* [TASK DETAILS] For this exercise, restate word for word only the lines from the one containing "Modern TV meubel" through the last line below. Pictures do not get copied.

* [MATERIAL TO PROCESS]
━━━━

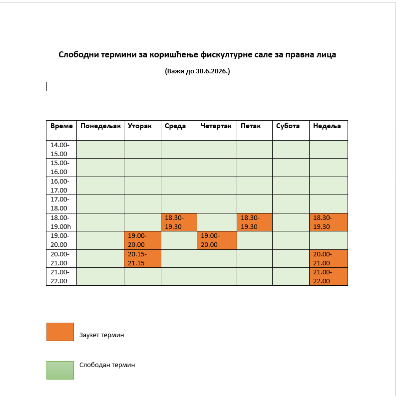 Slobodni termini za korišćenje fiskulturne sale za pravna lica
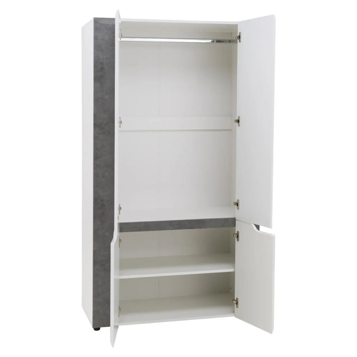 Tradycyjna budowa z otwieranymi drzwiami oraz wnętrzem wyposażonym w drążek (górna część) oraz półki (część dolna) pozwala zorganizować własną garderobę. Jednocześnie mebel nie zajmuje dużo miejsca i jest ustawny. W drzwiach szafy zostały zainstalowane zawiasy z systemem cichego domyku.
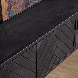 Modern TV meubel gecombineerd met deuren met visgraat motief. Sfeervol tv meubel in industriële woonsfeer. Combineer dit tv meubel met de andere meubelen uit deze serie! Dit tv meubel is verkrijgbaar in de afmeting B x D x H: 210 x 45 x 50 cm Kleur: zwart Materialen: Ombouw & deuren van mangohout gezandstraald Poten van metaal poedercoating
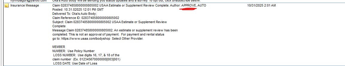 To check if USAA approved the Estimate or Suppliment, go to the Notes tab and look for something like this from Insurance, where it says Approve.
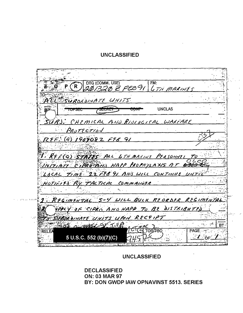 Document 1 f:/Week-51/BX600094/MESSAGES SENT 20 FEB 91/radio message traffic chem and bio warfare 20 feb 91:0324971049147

━━━━

* [RESULT]
 Modern TV meubel gecombineerd met deuren met visgraat motief. Sfeervol tv meubel in industriële woonsfeer. Combineer dit tv meubel met de andere meubelen uit deze serie! Dit tv meubel is verkrijgbaar in de afmeting B x D x H: 210 x 45 x 50 cm Kleur: zwart Materialen: Ombouw & deuren van mangohout gezandstraald Poten van metaal poedercoating
 To check if USAA approved the Estimate or Suppliment, go to the Notes tab and look for something like this from Insurance, where it says Approve.
 Document 1 f:/Week-51/BX600094/MESSAGES SENT 20 FEB 91/radio message traffic chem and bio warfare 20 feb 91:0324971049147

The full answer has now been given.